China also dominated physical imports of U.S. sorghum for the seven-day period. The U.S. shipped 324,900 tons of sorghum to China. With another 5,100 tons shipped to China, the total for the week was 330,000 tons, a marketing year high for 2020-21.

Net sales of 2020-21 U.S. soybeans for the week reached 922,300 tons, a 62% increase from the previous week. Those sales were dominated by business with Chinese companies, which purchased 919,700 tons. Mexican importers purchased 225,300 tons. And China again went to the market to buy soybeans in the 2021-22 marketing year (66,000 tons). Mexico purchased 28,000 tons for the next marketing year.

South Korea fills 2020 quota for US rice

More than a year ago South Korea pledged to buy at least 132,000 metric tons of U.S. rice annually. And this week, that goal has been reached with just two weeks left in the year, according to the USA Rice Federation. 

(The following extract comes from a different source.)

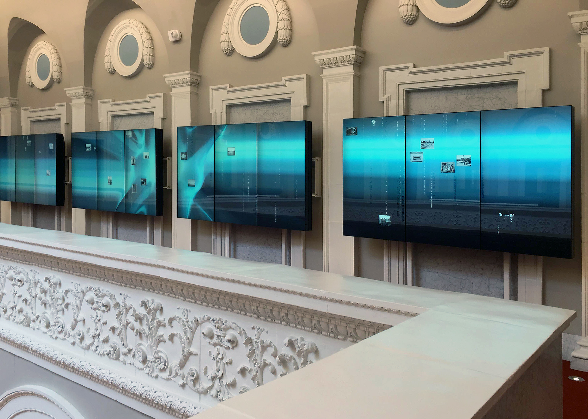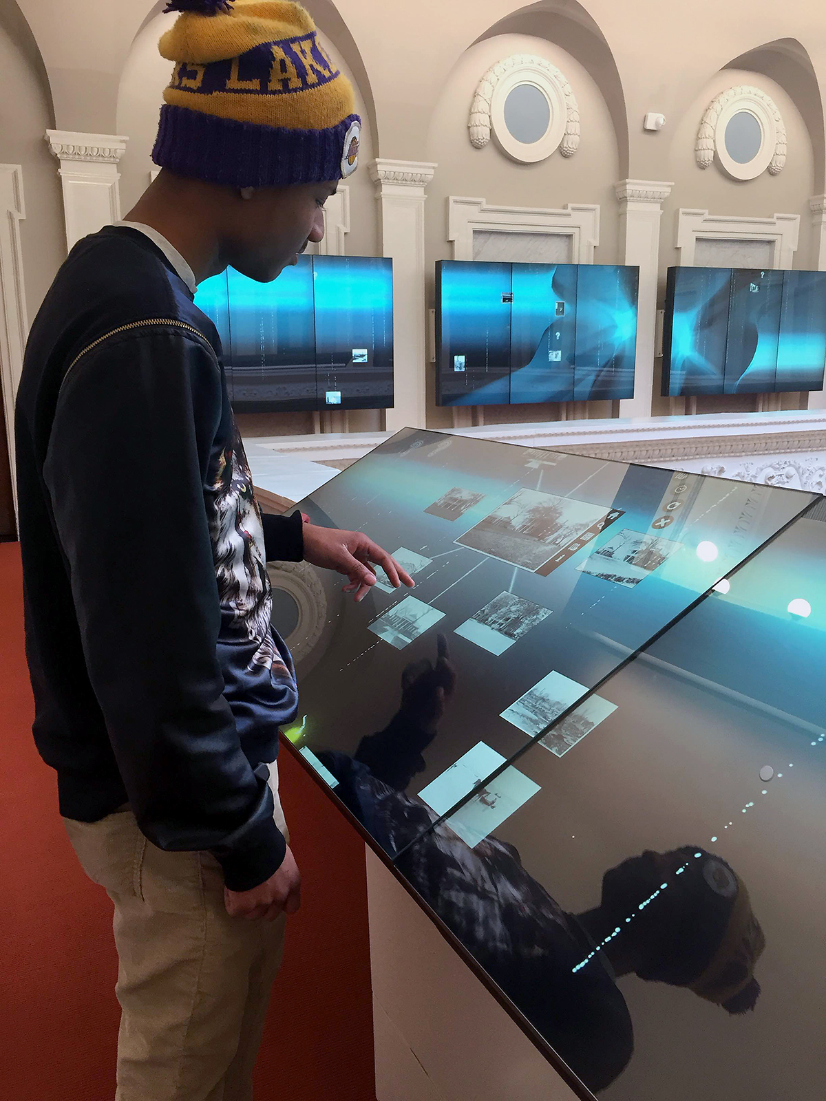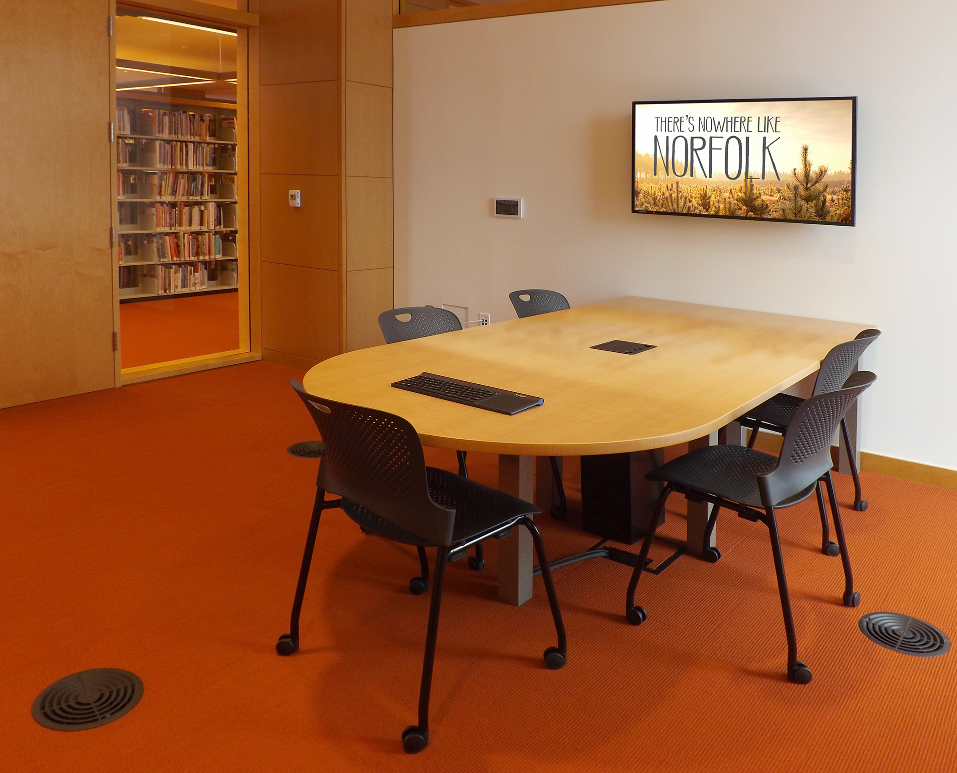 Project highlights include: (1) The Word Wall, a large display configuration spanning from the Forum up through the library staircase, combining technologies including an electronic mesh fabric and high-resolution flat panel displays. This digital “curtain” is capable of displaying letters, words and pictures pertinent to library activities or events, providing a backdrop of luminescence that will be seen from almost anywhere in the Forum. (2) The Cortile area, a cutting edge space showcasing interactive displays throughout. The library is host to a significant photographic archive, and making that photographic archive publicly available was one of the key considerations Content consists of a digitization of the Sargeant Memorial Collection of historical Norfolk articles, items and artifacts. (3) A multiuser, interactive display table in the forum displays happenings in the library and other city related information. This 12’ x 4’ assembled display with a touch sensitive surface allows many windows to be open at once. All the windows can be resized, and patrons can browse the entire collection with their fingers, much like a giant iPad. (4) Wall mounted interactive displays and static holographic displays located throughout the library.
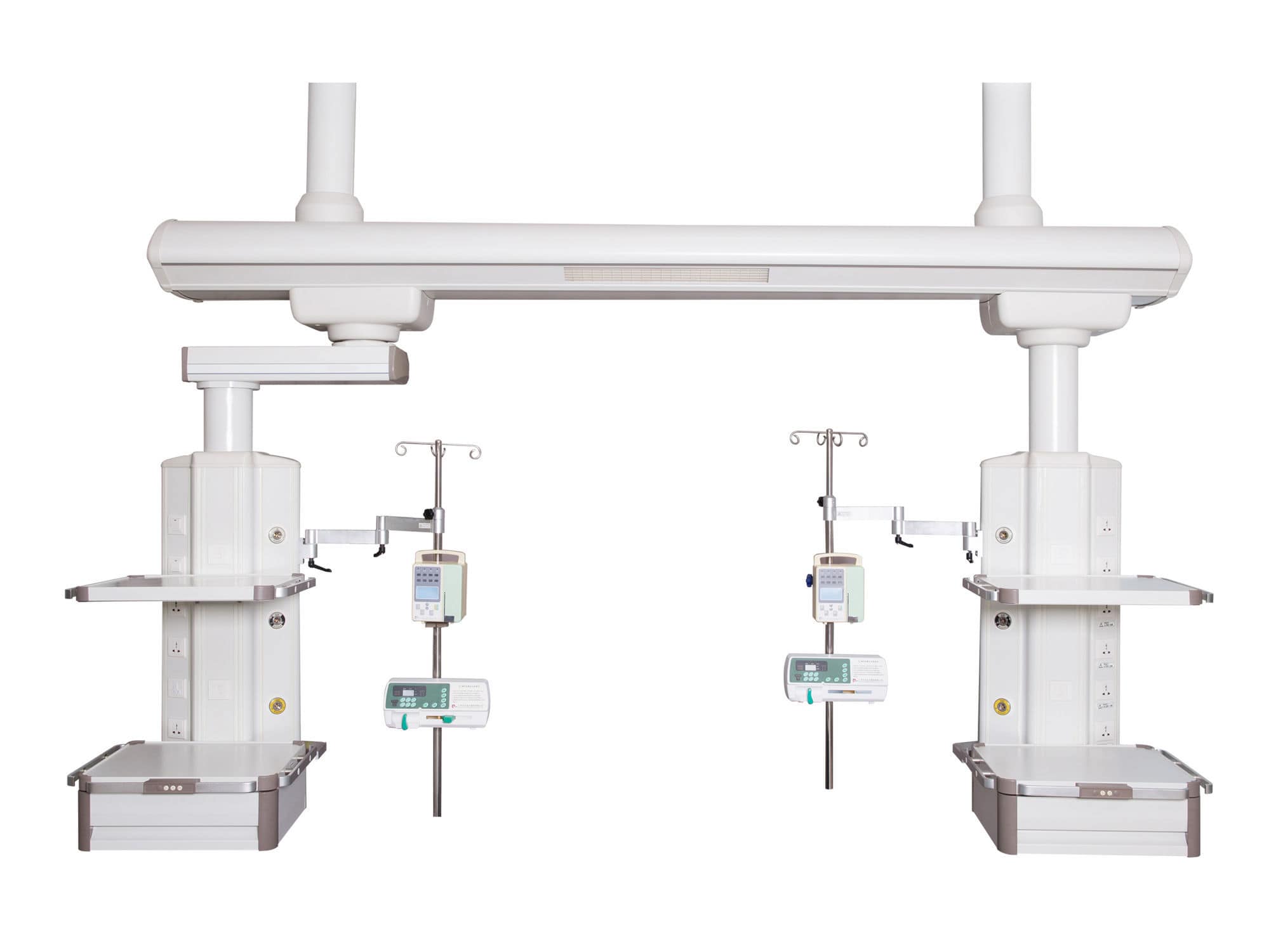 ICU room bridge type pendant leads electrical and gas from the main beam to the base or function box hanger. It can supply economic ICU environment. Same fits for recovery spaces.

The U.S. and South Korea reached a deal on the country-specific quota in November of last year and it was implemented on Jan. 1. But there were concerns that the COVID-19 pandemic might interfere.

The quota turned out to be more valuable than expected. The U.S. government originally estimated the value of the quota sales at $110 million. They turned out to be worth more than $130 million, says USA Rice.

Florida taking over wetlands regulation

In another major regulatory move by the outgoing Trump administration, the EPA is allowing Florida to take over responsibility from the Army Corps of Engineers for issuing wetland permits. 

Florida Environmental Protection Secretary Noah Valenstein said his agency knows “the state’s resources best” and has “the expertise to ensure their protection.” But the state’s Democratic ag commissioner, Nikki Fried, called the EPA decision “a dangerous mistake,” saying the state agency has neither the funding for nor staff to take over the program.

He said it. “The weeds are dead. You don’t have to hire high school kids to go out and hoe them.” – Former Ag Secretary John Block, referring to how biotechnology has changed crop production.